TASK DESCRIPTION.
Please set down exactly the lines of the listing below from the line containing "图 2 施工区植被现状图" through the line containing "VISTA ZONA SERVIZI SUB 101", both lines included, leaving out all other lines.

AVAILABLE DATA.
◇ ◇ ◇ ◇ ◇
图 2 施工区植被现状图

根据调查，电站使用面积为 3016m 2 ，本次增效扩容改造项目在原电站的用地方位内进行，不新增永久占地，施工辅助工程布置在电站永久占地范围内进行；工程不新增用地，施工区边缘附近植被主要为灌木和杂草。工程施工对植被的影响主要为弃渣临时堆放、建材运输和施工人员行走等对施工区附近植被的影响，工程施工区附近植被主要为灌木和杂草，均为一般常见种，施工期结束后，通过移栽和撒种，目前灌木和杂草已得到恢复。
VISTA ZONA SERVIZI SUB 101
◇ ◇ ◇ ◇ ◇
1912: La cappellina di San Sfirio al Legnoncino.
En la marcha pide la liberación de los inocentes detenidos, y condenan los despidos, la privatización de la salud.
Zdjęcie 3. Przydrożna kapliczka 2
◇ ◇ ◇ ◇ ◇
RESPONSE BOX.
图 2 施工区植被现状图

根据调查，电站使用面积为 3016m 2 ，本次增效扩容改造项目在原电站的用地方位内进行，不新增永久占地，施工辅助工程布置在电站永久占地范围内进行；工程不新增用地，施工区边缘附近植被主要为灌木和杂草。工程施工对植被的影响主要为弃渣临时堆放、建材运输和施工人员行走等对施工区附近植被的影响，工程施工区附近植被主要为灌木和杂草，均为一般常见种，施工期结束后，通过移栽和撒种，目前灌木和杂草已得到恢复。
VISTA ZONA SERVIZI SUB 101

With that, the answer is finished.